Persaingan gelar pembalap Formula 1 menyisakan ketegangan jelang Grand Prix Belgia di Spa-Francorchamps akhir pekan ini. Kimi Antonelli memimpin rekan setim Mercedes George Russell dengan margin 25 poin, sedangkan Lewis Hamilton dari Ferrari tertinggal tujuh poin lebih jauh.
Di sela persaingan poin tersebut, wacana perpindahan Max Verstappen ke McLaren mencuat sebagai topik hangat. CEO McLaren Racing Zak Brown membantah keras kemungkinan itu, namun manajemen pembalap Belanda tersebut disebut tengah menimbang opsi tim lain.
Brown secara terbuka menyatakan pembicaraan dengan perwakilan Verstappen tidak membuahkan kesepakatan apa pun. Ia menegaskan kepuasannya terhadap duet Lando Norris dan Oscar Piastri serta menolak memberikan kursi balap untuk juara dunia tiga kali itu.
Sumber di dalam tim mengungkap bahwa kontrak Verstappen di Red Bull berlaku hingga akhir 2028. Namun, terdapat klausul performa yang memungkinkan pembalap 26 tahun tersebut hengkang pada akhir musim ini jika menghendaki.
Klausul tersebut baru dapat diaktifkan mulai Oktober mendatang. Hingga saat ini, Verstappen belum menetapkan pilihan, demikian laporan koresponden F1 BBC Sport Andrew Benson yang menjawab pertanyaan pembaca jelang balapan Spa.
Ketidakpastian ini berakar pada benturan budaya tim. McLaren menjunjung filosofi keadilan, membiarkan kedua pembalapnya berduel terbuka kecuali situasi krusial seperti insiden pit stop Monza musim lalu. Verstappen pernah menertawakan pendekatan tersebut dan menolak instruksi tim di GP Brasil 2022.

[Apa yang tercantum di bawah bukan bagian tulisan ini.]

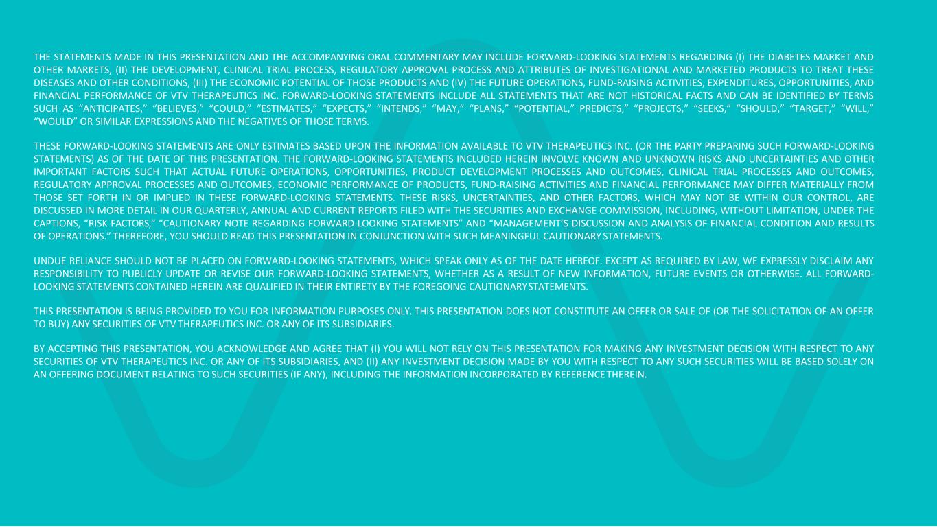 2 THE STATEMENTS MADE IN THIS PRESENTATION AND THE ACCOMPANYING ORAL COMMENTARY MAY INCLUDE FORWARD-LOOKING STATEMENTS REGARDING (I) THE DIABETES MARKET AND OTHER MARKETS, (II) THE DEVELOPMENT, CLINICAL TRIAL PROCESS, REGULATORY APPROVAL PROCESS AND ATTRIBUTES OF INVESTIGATIONAL AND MARKETED PRODUCTS TO TREAT THESE DISEASES AND OTHER CONDITIONS, (III) THE ECONOMIC POTENTIAL OF THOSE PRODUCTS AND (IV) THE FUTURE OPERATIONS, FUND-RAISING ACTIVITIES, EXPENDITURES, OPPORTUNITIES, AND FINANCIAL PERFORMANCE OF VTV THERAPEUTICS INC. FORWARD-LOOKING STATEMENTS INCLUDE ALL STATEMENTS THAT ARE NOT HISTORICAL FACTS AND CAN BE IDENTIFIED BY TERMS SUCH AS “ANTICIPATES,” “BELIEVES,” “COULD,” “ESTIMATES,” “EXPECTS,” “INTENDS,” “MAY,” “PLANS,” “POTENTIAL,” PREDICTS,” “PROJECTS,” “SEEKS,” “SHOULD,” “TARGET,” “WILL,” “WOULD” OR SIMILAR EXPRESSIONS AND THE NEGATIVES OF THOSE TERMS. THESE FORWARD-LOOKING STATEMENTS ARE ONLY ESTIMATES BASED UPON THE INFORMATION AVAILABLE TO VTV THERAPEUTICS INC. (OR THE PARTY PREPARING SUCH FORWARD-LOOKING STATEMENTS) AS OF THE DATE OF THIS PRESENTATION. THE FORWARD-LOOKING STATEMENTS INCLUDED HEREIN INVOLVE KNOWN AND UNKNOWN RISKS AND UNCERTAINTIES AND OTHER IMPORTANT FACTORS SUCH THAT ACTUAL FUTURE OPERATIONS, OPPORTUNITIES, PRODUCT DEVELOPMENT PROCESSES AND OUTCOMES, CLINICAL TRIAL PROCESSES AND OUTCOMES, REGULATORY APPROVAL PROCESSES AND OUTCOMES, ECONOMIC PERFORMANCE OF PRODUCTS, FUND-RAISING ACTIVITIES AND FINANCIAL PERFORMANCE MAY DIFFER MATERIALLY FROM THOSE SET FORTH IN OR IMPLIED IN THESE FORWARD-LOOKING STATEMENTS. THESE RISKS, UNCERTAINTIES, AND OTHER FACTORS, WHICH MAY NOT BE WITHIN OUR CONTROL, ARE DISCUSSED IN MORE DETAIL IN OUR QUARTERLY, ANNUAL AND CURRENT REPORTS FILED WITH THE SECURITIES AND EXCHANGE COMMISSION, INCLUDING, WITHOUT LIMITATION, UNDER THE CAPTIONS, “RISK FACTORS,” “CAUTIONARY NOTE REGARDING FORWARD-LOOKING STATEMENTS” AND “MANAGEMENT’S DISCUSSION AND ANALYSIS OF FINANCIAL CONDITION AND RESULTS OF OPERATIONS.” THEREFORE, YOU SHOULD READ THIS PRESENTATION IN CONJUNCTION WITH SUCH MEANINGFUL CAUTIONARY STATEMENTS. UNDUE RELIANCE SHOULD NOT BE PLACED ON FORWARD-LOOKING STATEMENTS, WHICH SPEAK ONLY AS OF THE DATE HEREOF. EXCEPT AS REQUIRED BY LAW, WE EXPRESSLY DISCLAIM ANY RESPONSIBILITY TO PUBLICLY UPDATE OR REVISE OUR FORWARD-LOOKING STATEMENTS, WHETHER AS A RESULT OF NEW INFORMATION, FUTURE EVENTS OR OTHERWISE. ALL FORWARD- LOOKING STATEMENTS CONTAINED HEREIN ARE QUALIFIED IN THEIR ENTIRETY BY THE FOREGOING CAUTIONARYSTATEMENTS. THIS PRESENTATION IS BEING PROVIDED TO YOU FOR INFORMATION PURPOSES ONLY. THIS PRESENTATION DOES NOT CONSTITUTE AN OFFER OR SALE OF (OR THE SOLICITATION OF AN OFFER TO BUY) ANY SECURITIES OF VTV THERAPEUTICS INC. OR ANY OF ITS SUBSIDIARIES. BY ACCEPTING THIS PRESENTATION, YOU ACKNOWLEDGE AND AGREE THAT (I) YOU WILL NOT RELY ON THIS PRESENTATION FOR MAKING ANY INVESTMENT DECISION WITH RESPECT TO ANY SECURITIES OF VTV THERAPEUTICS INC. OR ANY OF ITS SUBSIDIARIES, AND (II) ANY INVESTMENT DECISION MADE BY YOU WITH RESPECT TO ANY SUCH SECURITIES WILL BE BASED SOLELY ON AN OFFERING DOCUMENT RELATING TO SUCH SECURITIES (IF ANY), INCLUDING THE INFORMATION INCORPORATED BY REFERENCETHEREIN.
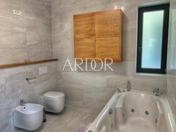 Dieses imposante Gebäude ist das Ergebnis einer sorgfältigen Liebe zum Detail und der Verwendung hochwertigster Materialien. Elegante Eichen- und Bambusböden in Kombination mit italienischer Keramik, Fußbodenheizung und Klimaanlage schaffen ein luxuriöses und komfortables Ambiente das ganze Jahr über. Die Villa ist zudem mit hochwertigen ALU-PVC-Fenstern mit dreischichtigem Isolierglas und zusätzlicher Wärmedämmung aus Steinwolle ausgestattet, was zur Energieeffizienz und Privatsphäre beiträgt.
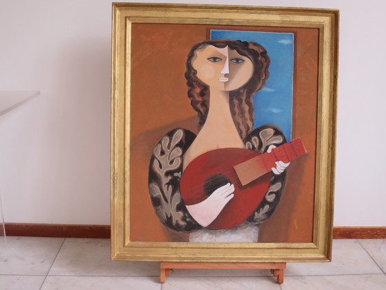 Olieverf op karton, afmetingen inclusief lijst. Sami Briss is geboren in 1929 in Briss, Roemenie. Dertig jaar later verhuisde hij naar Israel. In 1974 verhuisde hij naar Parijs, waar hij nog steeds woont.Als schilder verwerkt hij vaak het begrip nostalgie in zijn werk. Kindherinneringen worden vastgelegd dmv harmonie en gestileerde figuren.Zijn gebruik van bladgoud kan in verband worden gebracht met zowel de Joodse traditie als de Roemeense christelijke volkskunst. Briss is in heel Europa tentoongesteld.
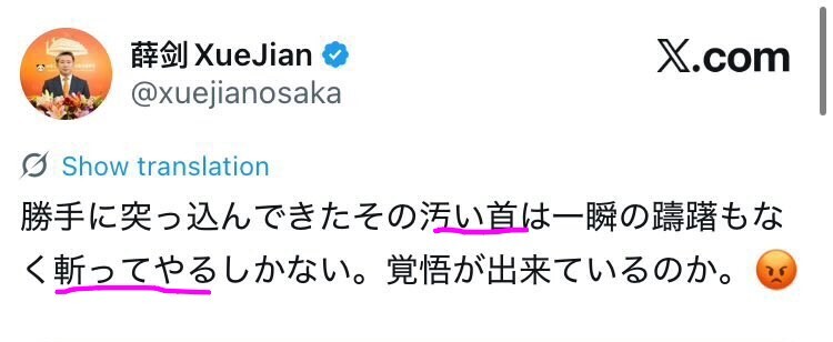 | … | 314無念Nameとしあき25/11/24(月)16:59:17No.1368442668+中国人は漢字の意味を分からんの? |
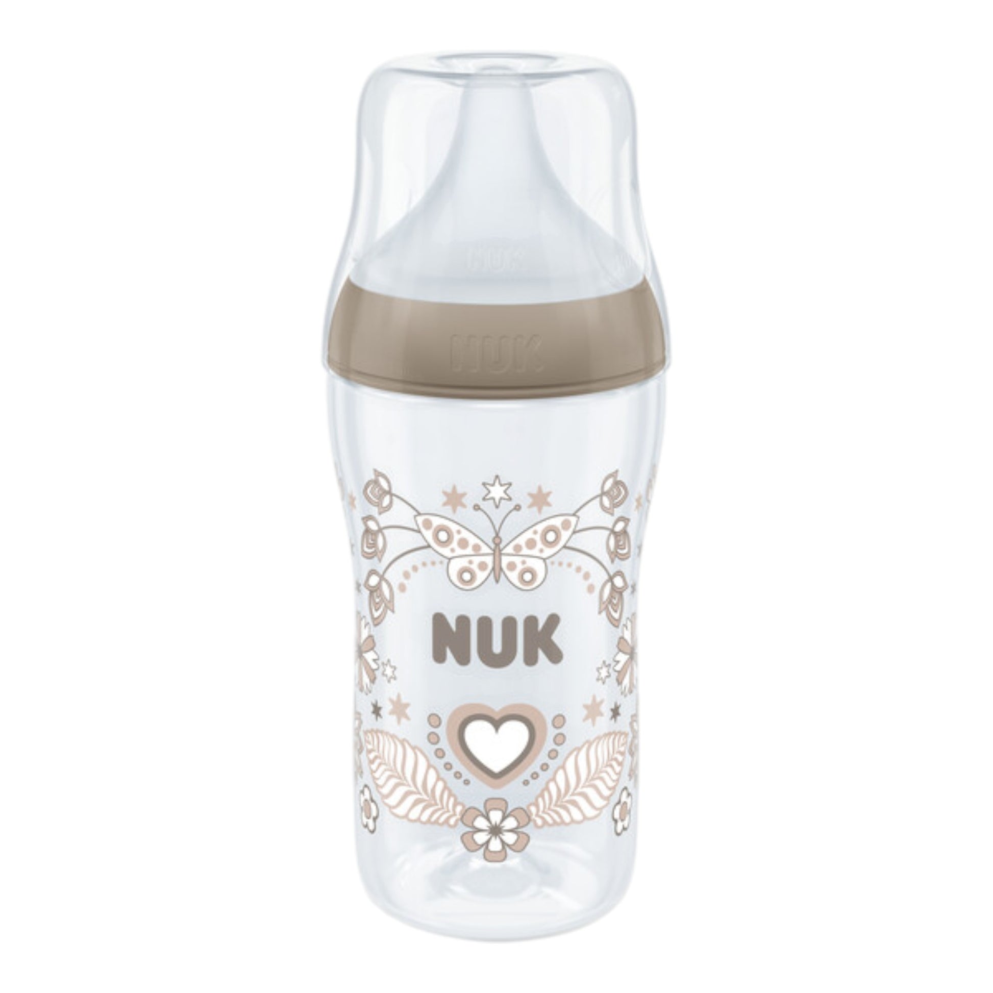 NUK Perfect Match Babyflasche, 260 ml, ab 3. Monate BPA-frei, Anti-Colic, mit Temperature Control, Beige
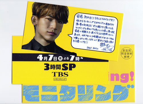 5日頃からツイッター上でメッセージカードの画像がアップされ、「NAOTOがモニタリングファミリーになるよ!」「NAOTOさんモニタリングのレギュラーなんだね!おめでとう」とファンが喜ぶツイートがあふれかえった。
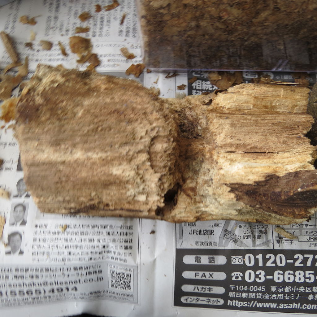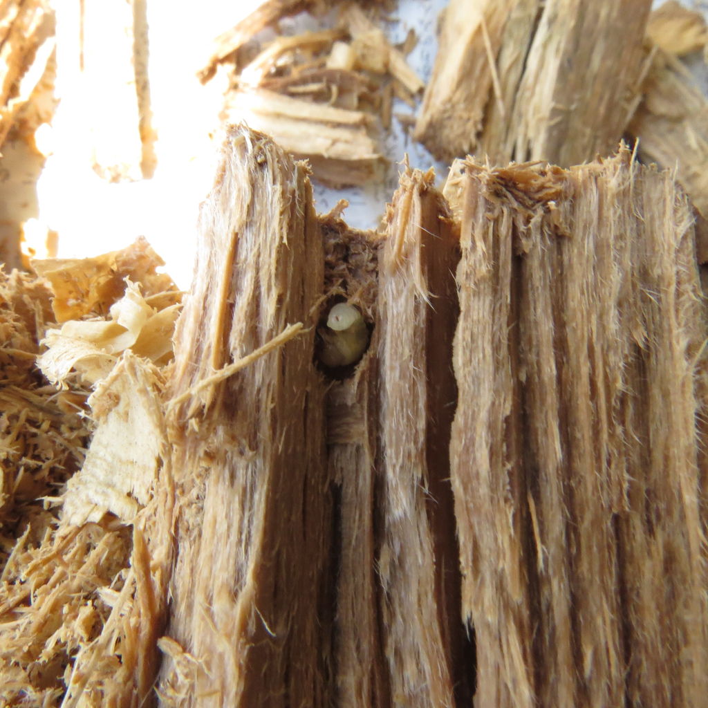 5.産卵木を割り出して幼虫を取り出す
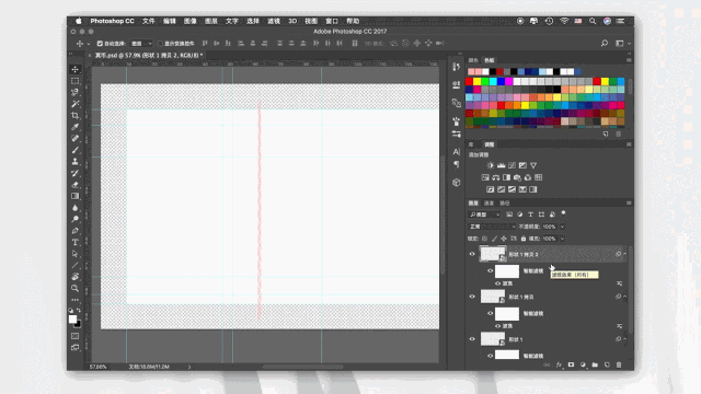 人民币底纹的基础单位是三条纵向交错的波浪线。在 155:77 的白色背景上,批量复制粉色曲线交错横向排列,就能成功制造纸币质感。
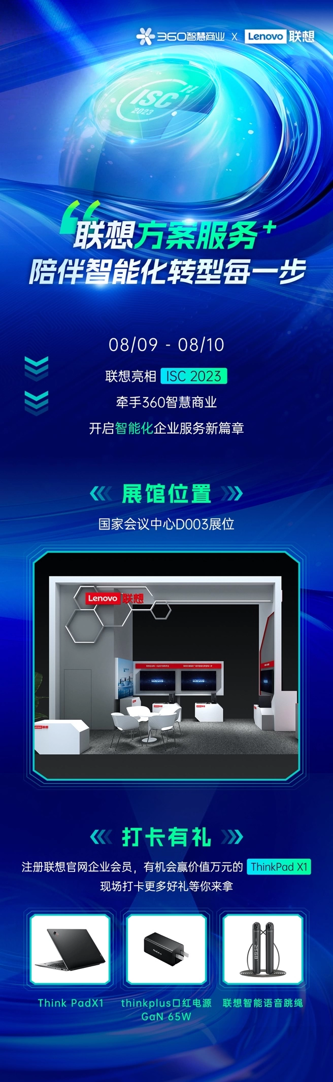 8月9日-10日,联想展厅将亮相国家会议中心D003展位,注册联想官网企业客户(https://mbiz.lenovo.com.cn/activity/isc.html)、线下打卡,还有丰厚福利可以领取,诚邀有合作需求的合作伙伴莅临洽谈!
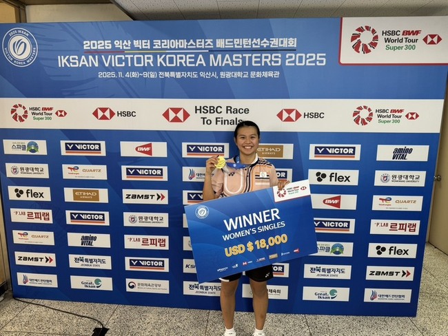 (中央社記者曾智怡台北10日電)台電女子羽球隊、女單好手邱品蒨在南韓大師賽(Super 300等級)中勇奪女單冠軍,摘下個人生涯首座BWF超級賽冠軍獎盃,這是台灣羽壇自「世界球后」戴資穎之後,再度有女單選手於超級300以上的比賽封后。

Bagi penggemar di Indonesia, saga ini menambah intensitas tontonan F1 yang belakangan meroket popularitasnya via layanan streaming resmi dan komunitas digital. Jika Verstappen merapat ke McLaren, peta dukungan suporter lokal bisa bergeser karena figur dominan tersebut membawa basis fanatik besar.
Industri pemasaran olahraga tanah air juga mencatat tren serupa. Meski belum ada merek nasional yang menjadi sponsor tim F1, potensi eksposur global lewat pembalap elite kerap masuk pembahasan agency. Kondisi ini kontras dengan ajang balap lokal seperti ISSOM yang berfokus pada pasar domestik.
Perbandingan dengan struktur tim domestik memperlihatkan bahwa penerapan kesetaraan antarpembalap sering kali menemui kendala bila ada sosok berkaliber bintang. McLaren akan menanggung risiko manajerial tinggi, namun mendapat jaminan kecepatan konsisten yang sedang mereka butuhkan sebagai tim pengguna mesin customer.
Zak Brown menuturkan, "Pembicaraan dengan manajemen Verstappen tidak menuju ke mana-mana. Saya sangat senang dengan dua pembalap balapan saya dan yang tidak bisa saya tawarkan adalah kursi di mobil balapan." Pernyataan disampaikan saat GP Inggris.
Benson menambahkan bahwa setiap tim yang merekrut Verstappen bakal menghadapi tekanan ekstra, tetapi memperoleh performa puncak paling stabil di kokpit. McLaren musim ini merasakan keterbatasan sebagai tim konsumen mesin, sehingga daya tarik pembalap sekelas Verstappen sangat logis.
Menjelang Oktober, nasib klausul kontrak akan menentukan langkah selanjutnya. Jika pindah terjadi, Brown harus menyingkirkan Norris atau Piastri, manuver yang mengguncang struktur tim. Sementara itu, Sirkuit Spa dengan tikungan Eau Rouge tetap legendaris meski kini lebih mudah dilalui, dan Hamilton serta Alonso membuktikan umur bukan penghalang komitmen balapan.